See, what I don't hear is - I can't believe how badly I hurt my wife, how much I love her and can't bear to think of living without her. 

Don't stay for the kids and keep your wife in the wings until another attractive woman comes along. It's cruel and a bad example for those kids.


----------



## FeedbackLoop (Nov 16, 2012)

TCSRedhead said:


> See, what I don't hear is - I can't believe how badly I hurt my wife, how much I love her and can't bear to think of living without her.
> 
> Don't stay for the kids and keep your wife in the wings until another attractive woman comes along. It's cruel and a bad example for those kids.


I'm not a very empathic person. I have a lot of asocial traits. I'm sort of disconnected from that sort of thing... especially if my actions caused it. Once I put someone into the "disconnected" box, they generally stay there even if outwardly, the relationship improves. Like I said, I'm in therapy and trying to address it... but its sort of "how do you make yourself feel something?"

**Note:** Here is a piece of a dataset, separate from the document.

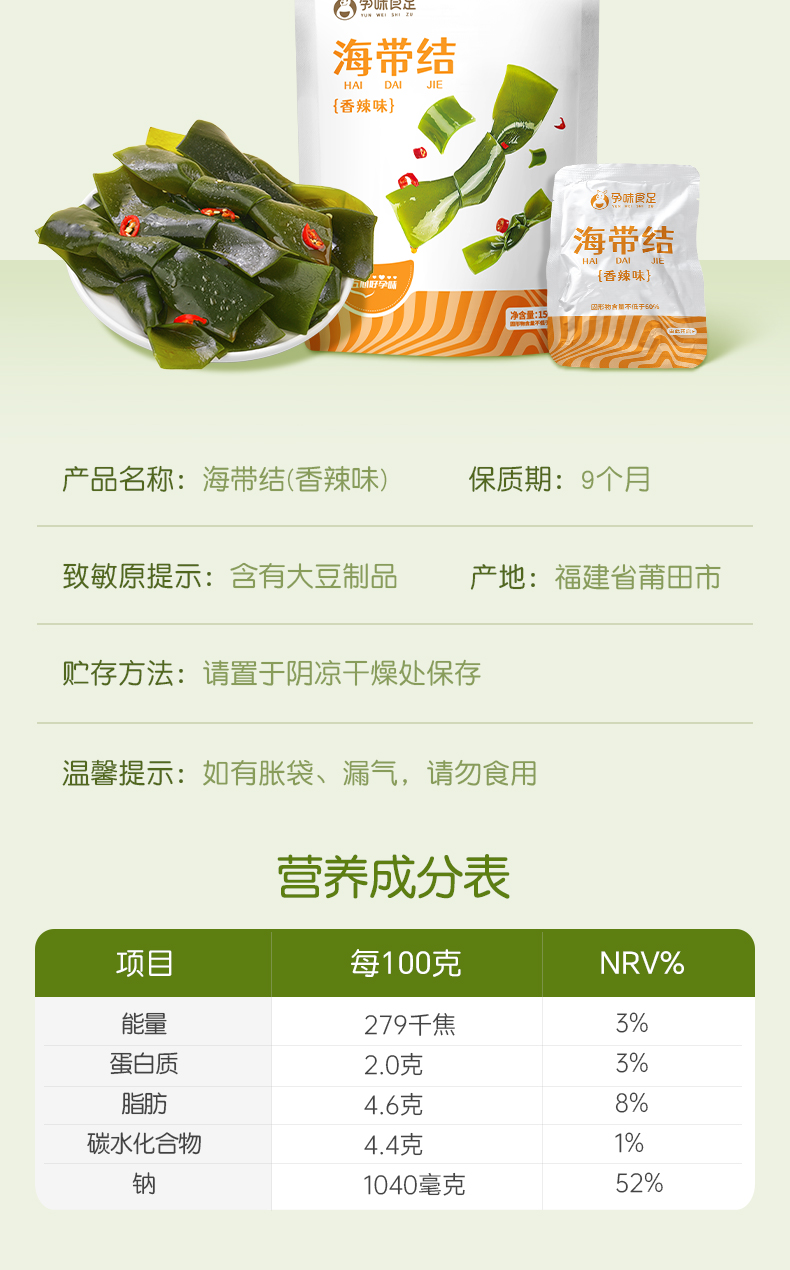 孕味食足孕妇可以吃的香辣海带结即食 孕期解馋辣味小吃零食丝片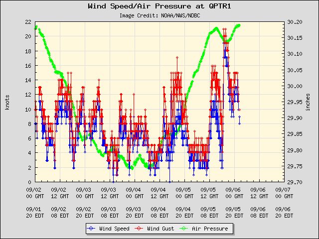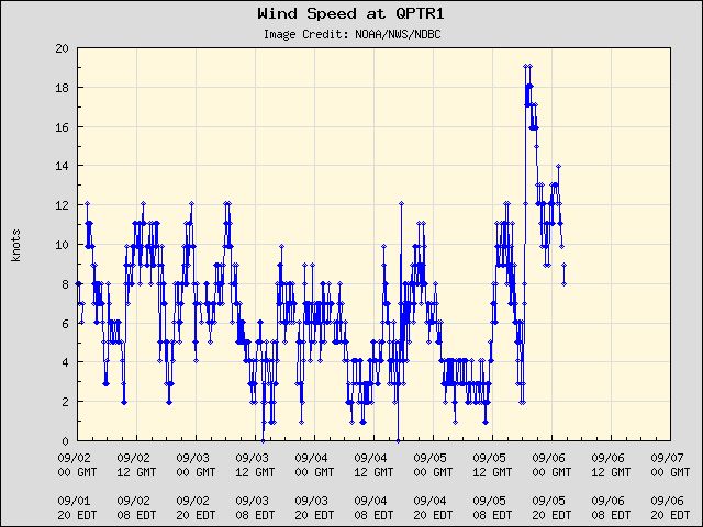 Weaver Cove to Hope Island, RI - September 5, 2020 - A long day of paddling from Weaver Cove to Dyer Island, to Prudence Island, to Hope Island and back. Returning to Weaver at 6:00 pm. The day was quite interesting because of a front passing at about 3 pm. This caused a spike in wind from the southeast resulting in a heavy wind chop as we exited Hope Island. These images show NOAA plots of the wind and of wind gusts peaking at 15 hrs EDT. The other kayakers in our group got back to Weaver Cover ahead of the rough water.

Separate from the problem of ceasing to think about the OW, I have a problem feeling the same way about my wife as I once did. I'm not drawn to her, I don't crave her... I love her like family, but not like a lover. More like a good friend. My passion is gone and I haven't been able to get it back. I would really like it to come back.

My wife is a very attractive woman too... but still there's something wrong with me. That tingle of being in love and feeling like you can't wait to see them again when you're gone for a trip... is missing.

Can you just fall out of love with someone when they didn't do anything wrong and you never fight? Or is it just that I'm numb to the more subtle feelings because everything was so intense with the OW?

I feel like the saying is true. You can't go home again.

To top it all off, my insecurities have been raging away since I left the OW. I'm working out obsessively feeling like I need to look better. I'm already athletic and my working out annoys my wife... thinking I'm trying to look good for someone else. I obsess about what I wear now. I feel inadequate in bed. I cycle wildly between feeling worthless and undesireable to feeling like I'm awesome and everyone wants me. I'm critical of my posture; the way I walk; the way I say certain things. I've been trying to "fix" personality flaws. I'm even trying to get rid of this smirk I occassionally have when I'm being sly or telling a joke... something my wife loves but I find embarrassing or goofy. Its like I'm trying to fix everything I perceive to be a flaw in myself. Its maddening. I am truly losing my mind.

My affair was truly pandoras box.


----------



## TCSRedhead (Oct 17, 2012)

You can rekindle how you felt about your wife - it happens all the time. Start dating/pursuing her again. Spend time every day to just talk to her. Become intimate again. 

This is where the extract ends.